I am working on pelvic bone segmentation in CT scans using MONAILABEL and 3D Slicer.
I used the “deepedit” app and trained the network using 8 perfect manually segmented mask files and got 82% accuracy. After that, when I try to segment the rest of the images using the “auto segmentation” part, I don’t get good results at all. (I’ll attach a screenshot of a sample result)
If you expect the cancellous bone regions (less dense regions in side the bone) to be filled then it is a fairly complex segmentation problem.

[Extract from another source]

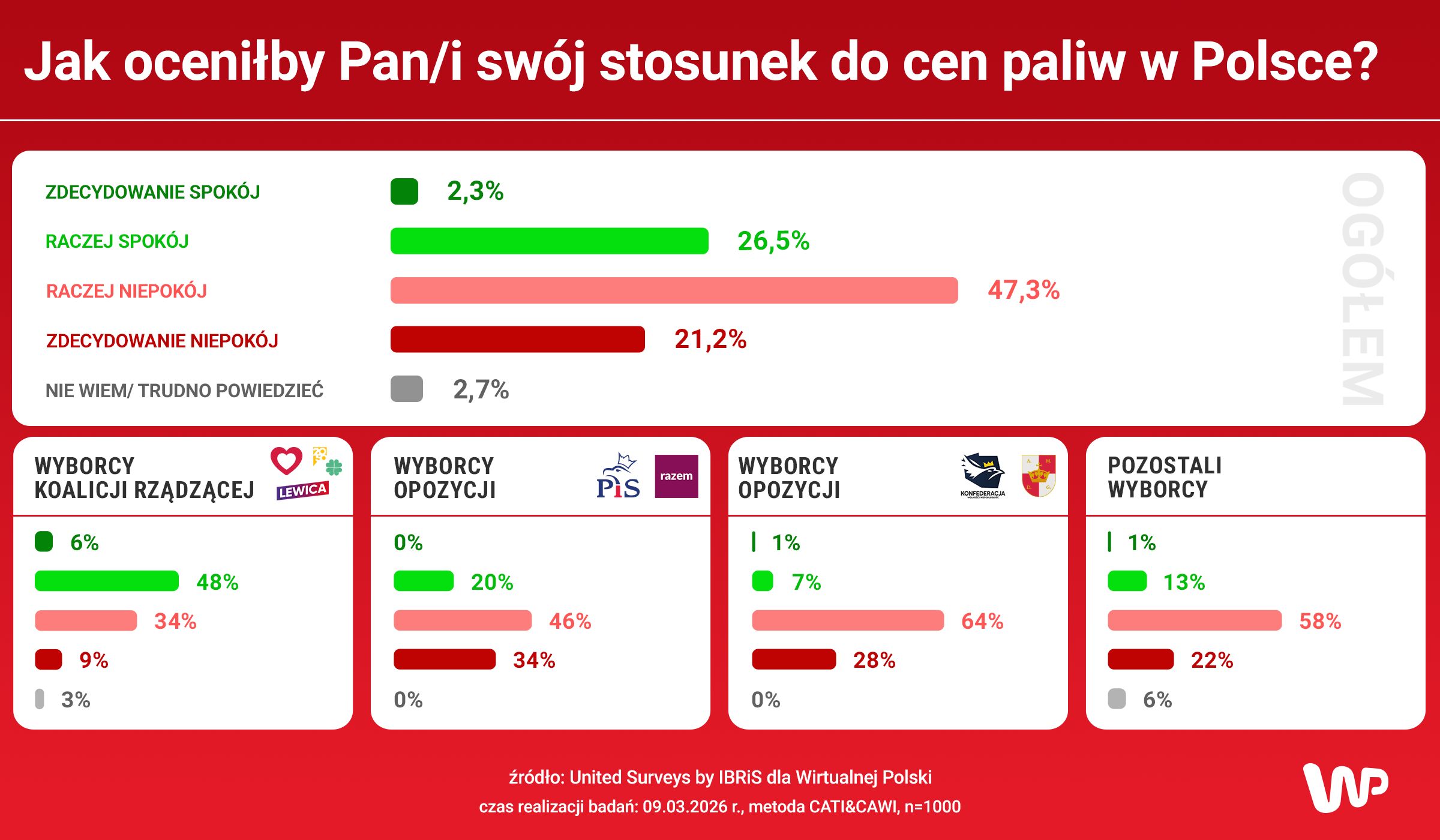 Badanie United Surveys by IBRiS dla Wirtualnej Polski zostało zrealizowane w dniu 9.03.2026 r., metodą mieszaną CATI&CAWI, na próbie 1000 dorosłych Polaków.

I don’t have much experience with deep-learning based segmentation methods, but most likely you need larger training data set than just 8 images. You might need a few hundred segmentations to train a network from scratch. You may also try transfer learning - starting from a model that is already pre-trained for bone segmentation in CT images.
You are right. I need more labeled images which I don’t have.
I guess I need to try transfer learning.
However, I have a few ideas to improve the performance such as modifying the hyperparameters in the Slicer interface, using the other app of MONAI (‘auto segmentation’), data preprocessing, and data augmentation.
Do you think they would have a great impact?
You can try to split your images into several images for training, then rotate/mirror them to create new sets, you can actually create thousands of trining images from just those eight image sets. That will solve your image generation problem. If you try this just write your progress.